腎不全のプーは目に見えて弱っていった。
獣医ではお決まりのステロイドを処方された。
獣医に悪気なんかあるわけないのだ。
でもステロイドを与えると一時は効くが、その後は倍のスピードで弱ってしまうのだ。
ステロイドは体力や元気のある猫には効くと思う。
しかし弱っている猫には・・・自然に衰弱していく方がマシだと思った(後年コダマとの比較でそう確信した)。

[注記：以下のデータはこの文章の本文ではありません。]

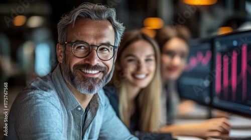 A diverse group of professionals smiling in an office setting with computer screens displaying data.

私は仕事をしていたので日中はプーとコダマでお留守番。
ケージを買い、寝袋と小さなトイレとご飯と水を入れ、プーを寝袋に入れて出勤した。
日中会社や客先に居ても心配で心配で、こっそり泣きながら仕事をしていた。
仕事が終わるとすっ飛んで帰り、プーの生存を確認する毎日だった。

私に初めて突きつけられたペットの死。
実家では動物を飼う余裕はなく、東京に出て来て一人暮らしで働いてお金をため、念願だった猫を飼ったのだ(とはいえプーもコダマも偶然うちに来た野良猫の産んだ子供だったのだが)。

まさかプーが死ぬ瞬間が来るとは思っていなかった。
冗談ではなく私は本当にそう思っていたフシがある。
ばかばか。
弱ったプーを入院させ、少し良くなって退院し、また弱っていくのをただ確認する毎日が続いた。
冬の寒い日、弱ったプーと一緒に布団で寝ていた時、プーが私にしがみついてきた。
どうしたんだろうと思った。
プーは私にしがみついたまま私のパジャマに「チー」とおしっこをした。
おしっこが温かくてなんだかせつなくなって号泣してしまった。
「おしっこ出たねー」と言いながらパジャマを着替えている私をプーはじっと見つめていた。

プーを可愛がってくださった隣の奥さんが、
「プーちゃんよかったねー。やっとのりりんさんがプーちゃんだけのものになったねー」とおっしゃったのが忘れられない。